Diensthundeführer: Wir sind dem Hund was schuldig
"Diese Tiere opfern sich Tag für Tag für uns Menschen auf. Sie retten Leben, verhindern Straftaten und helfen mit, diese aufzuklären", sagt der Diensthundeführer-Kollege. Seit einigen Jahren arbeite er mit seinem jetzigen Hund schon zusammen. "Wir sind es den Diensthunden einfach schuldig, dass hier spürbare Konsequenzen wahrzunehmen sind."
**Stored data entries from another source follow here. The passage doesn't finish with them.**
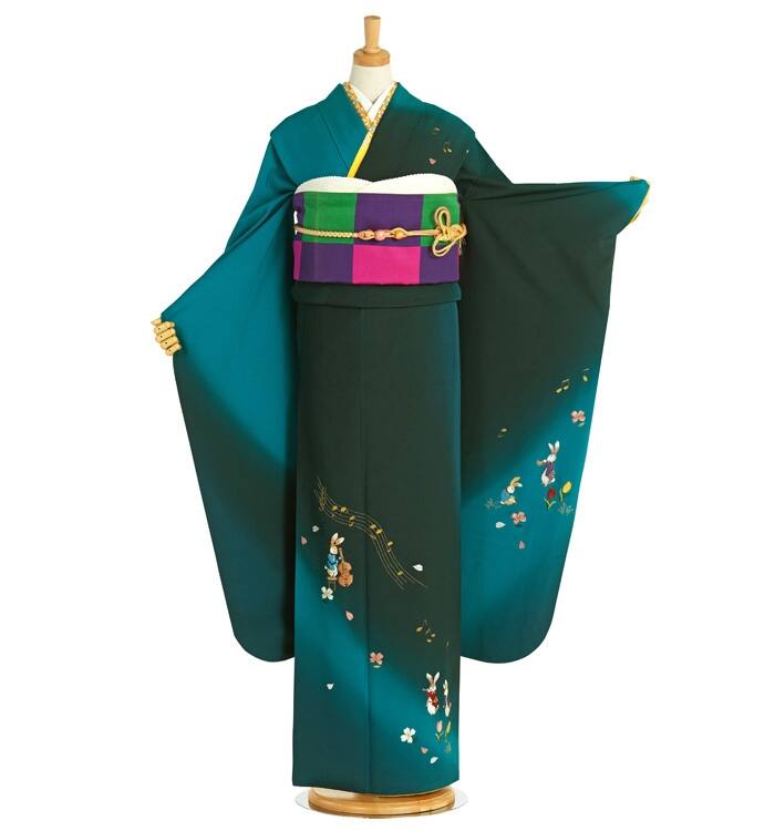 青緑のボカシの地に、楽器を演奏するうさぎやアヒル、音符などが刺繍で表現された振袖。カラフルな市松文様の帯と合わせた印象的な一着。
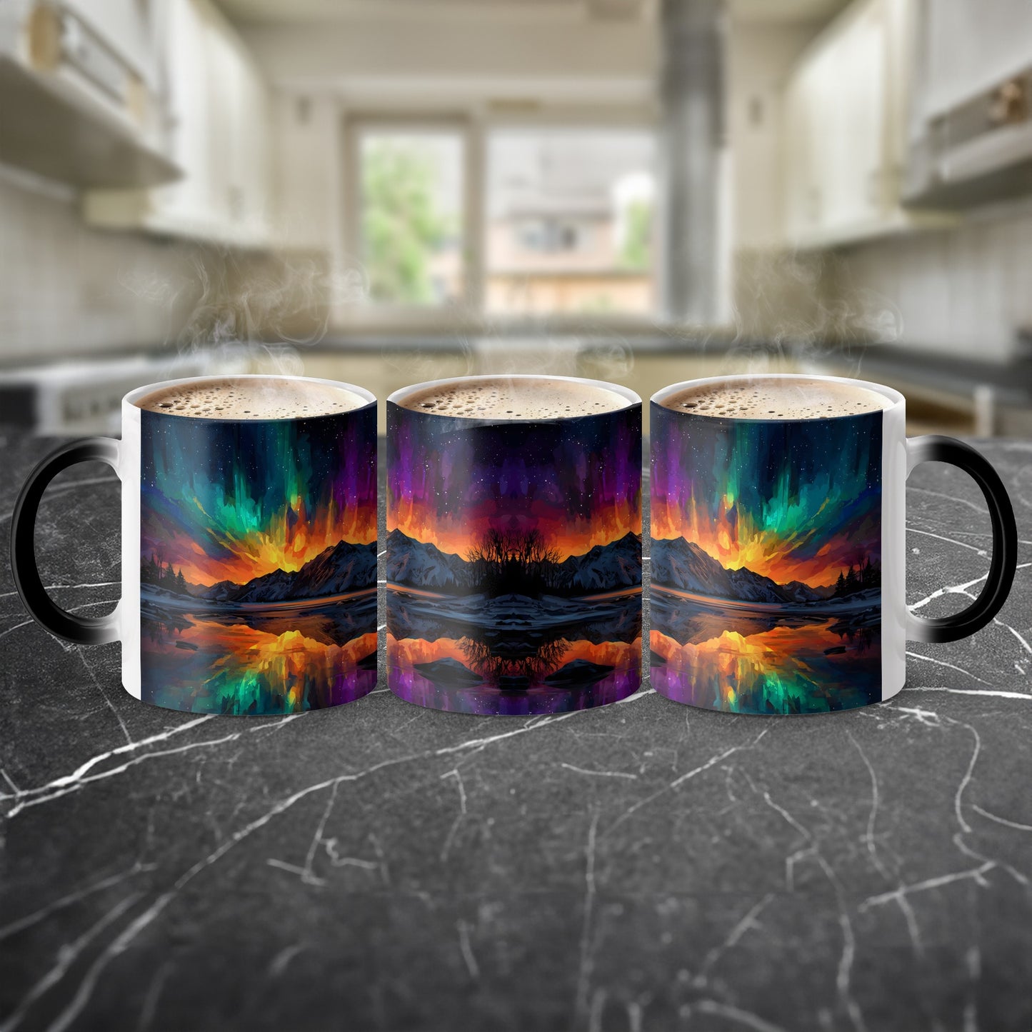 Aurora Borealis Over Mountain Lake Scenic View Mug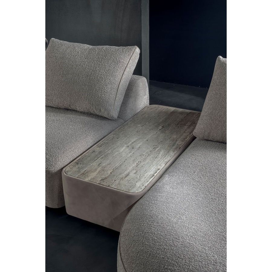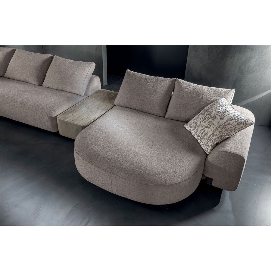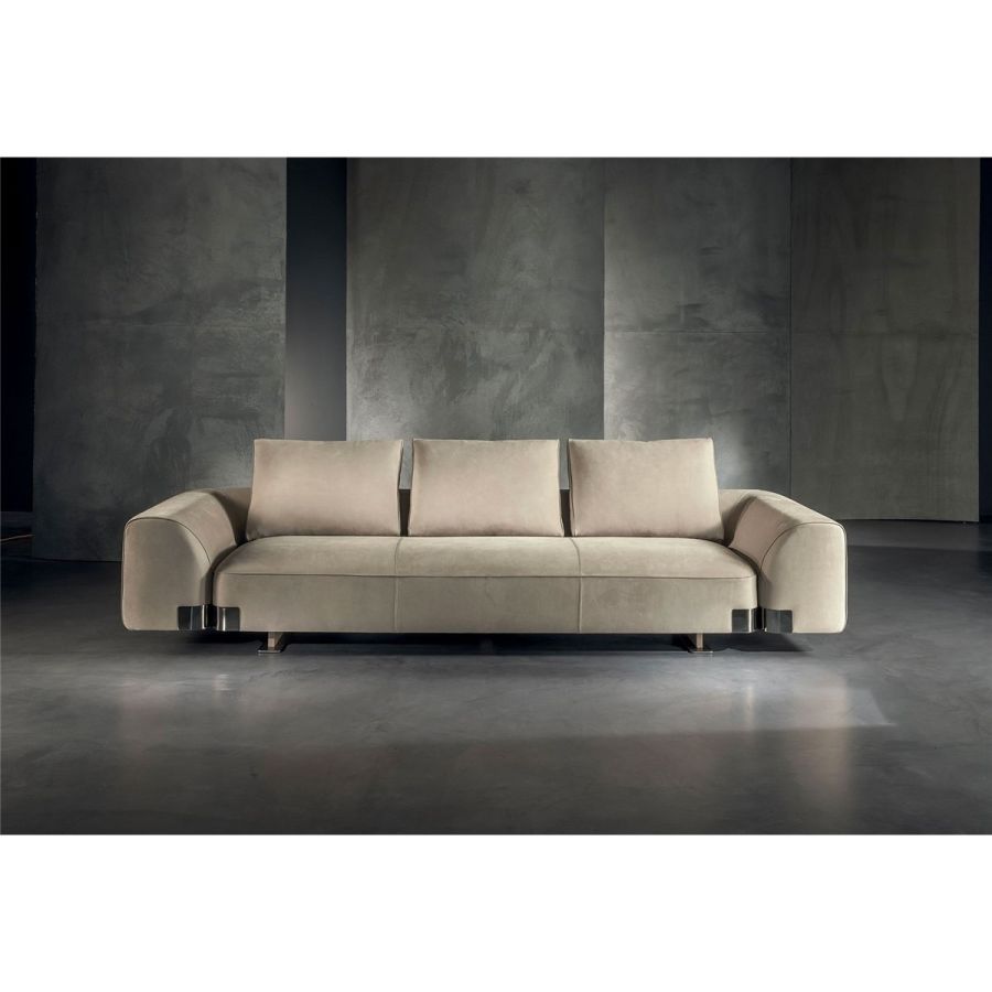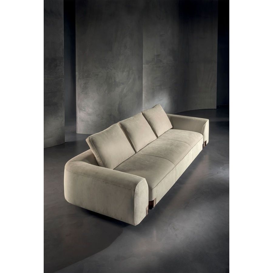 Collection of sofas and modular elements in various sizes. The structure is in wood with durable flexiblePVC slats supporting the seat made of multi-density polyurethane foam with Memory Foam. The backrest cushions are in sterilized goose down. The feet are in wood covered in leather and/or fabric in the same colour, with a metal base painted bronze. On the sides of the seat, there is an elegant semi-circular metal plate offered in the finishes in the catalogue: Satined Champagne, Bright/satined Burnished, Shaded copper, Bright/satined brown, Bright/satined Black rose, Bright/satined light gold, Bright/satined chrome,Bright/satined black chrome, Matt satined bronze. The upholstery CANNOT be removed from the structure and the seat, but the seat and backrest cushions covers in leather or fabric are removable.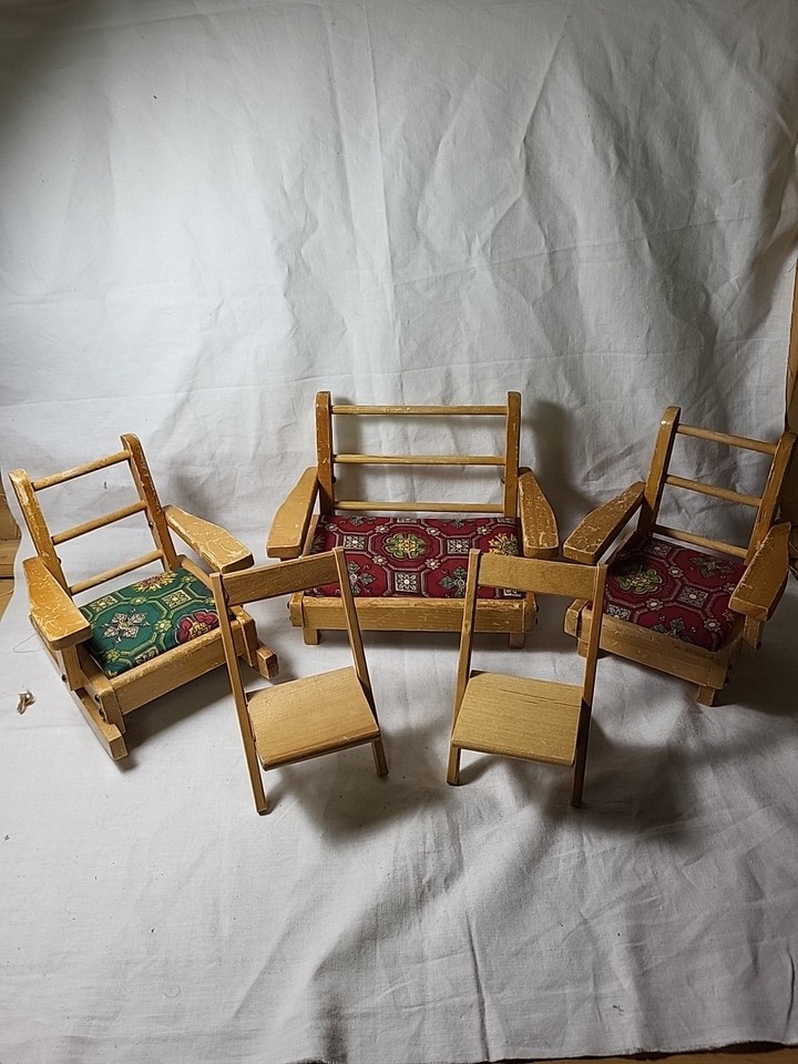 Vintage Pert Pat Wood Doll Furniture Couch, Rocking Chair, Chair & Folding Chair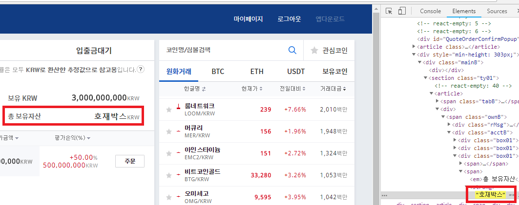 키보드에서 Ctrl + F 누르기 -> 총 보유자산에 해당하는 금액으로 검색

Dieses Thema im Programm: MDR FERNSEHEN | MDR Aktuell | 12. Januar 2025 | 21:45 Uhr
vegamm vor 3 Wochen
Wie oft haben Sie schon einen Hund mit Korb stoßen lassen? Wie oft wurden Sie schon von einem Hund mit Korb gestoßen? Möglich ist immer alles. Aber nicht üblich. Und ich empfehle das Video nochmals zu schauen und auf die Pfoten sowohl vorne als auch hinten zu achten. Und ja er hat den Hund angeschoben und deswegen ist der Hund abgerutscht und auf die Leitplanke geknallt. Völlig richtig. Aber die Frage ist doch: absichtlich so geschoben, dass der Hund sich verletzen könnte oder unabsichtlich. Wieso der Hund nochmals geschickt wurde oder warum der Hund ohne Korb eingesetzt wurde, muss der Polizeiführer und der hundeführer erklären. Völlig richtig und auch genau so sollte es sein. Alles andere was sie von sich geben oder der angebliche anonyme Experte ist eigentlich völlig nebensächlich, weil es niemanden zu interessieren hat, wenn man diesen Fall objektiv aufarbeiten will. Kann die Maßnahme nicht begründet werden ist es eine Straftat. Aber tierquälerei finde ich übertrieben unterstellt
Anita L. vor 3 Wochen
"Ergo, hätte der Hund gestoßen, hätte er diese Verletzungen gehabt.....ist doch quatsch."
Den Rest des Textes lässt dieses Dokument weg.